It's not false, you get wrong.

I don't want to make this personal, so I apologize for the tone in my other reply.


In the case of C++, you can just put each method of a class in a
separate .C file. Provided they all include a .H file which defines the
class prototype it's ok.

I'm not sure if GCC C++ does it.
Yes, it does. Consider:

ctmp1.C
#include "ctmp.H"

ctmp::ctmp(void)
{
  cout << "hello world" << endl;
}

ctmp2.C
#include "ctmp.H"

ctmp::~ctmp(void)
{
  cout << "goodbye world" << endl;
}

ctmp.H
#include <iostream>
using namespace std;

class ctmp {
public: ctmp(void);
~ctmp(void);
};


Both .C files compile just fine.

In the case of Java, you can break up a large task into classes which
handle separate functions of the program. For example, a compiler may
have an I/O class, a lexer class, a parser class, an interface for
optimizations, and various implementations of the interface, etc, etc.
Hell, most colleges teach things like the MVC model when doing GUI Java
apps which, last I checked, is a way to refactor one large program into
separate tasks.

We've talking to split files (e.g. 1 file per 1 function or per 1 method), not to separate tasks or factor tasks.

Java can't split many methods of a class to many files,
only 1 file per 1 class, not 1 file per method.

Refactoring doesn't strictly mean one function per file. That's the ideal [in most cases]. Refactoring simply means breaking a large task into smaller re-useable components. For example, suppose you had a Java program made up of 10 classes, and each class you manually coded up a [say] GZIP decompressor, wouldn't it make more sense to split that off into it's own class? That's re-factoring.

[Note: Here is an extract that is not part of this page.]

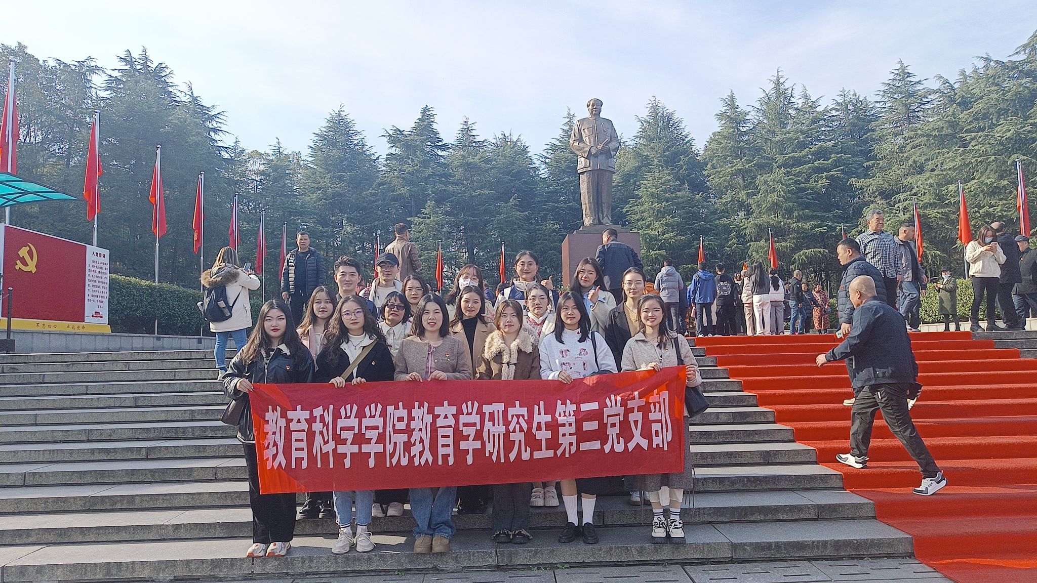 (通讯员 吴淼 董惠仪) 12月6日,教育学研究生第三党支部党员同志前往韶山,开展以“参观主席故里 汲取奋进力量”为主题的党日活动。2023年12月26日,是毛泽东同志诞辰130周年纪念日,值此之际,探寻伟人故里,汲取伟人力量,具有非凡的意义。

In an ideal application (as opposed to library), your "main" class should be fairly trivial pawning off all the hard work to a set of classes which handle all the individual aspects of the program.

This is reflected well in how glade designs GTK+ applications in C. Basically you end up with a C file which constructs and maintains the GUI, the code there should just be calling library functions to do the heavy work.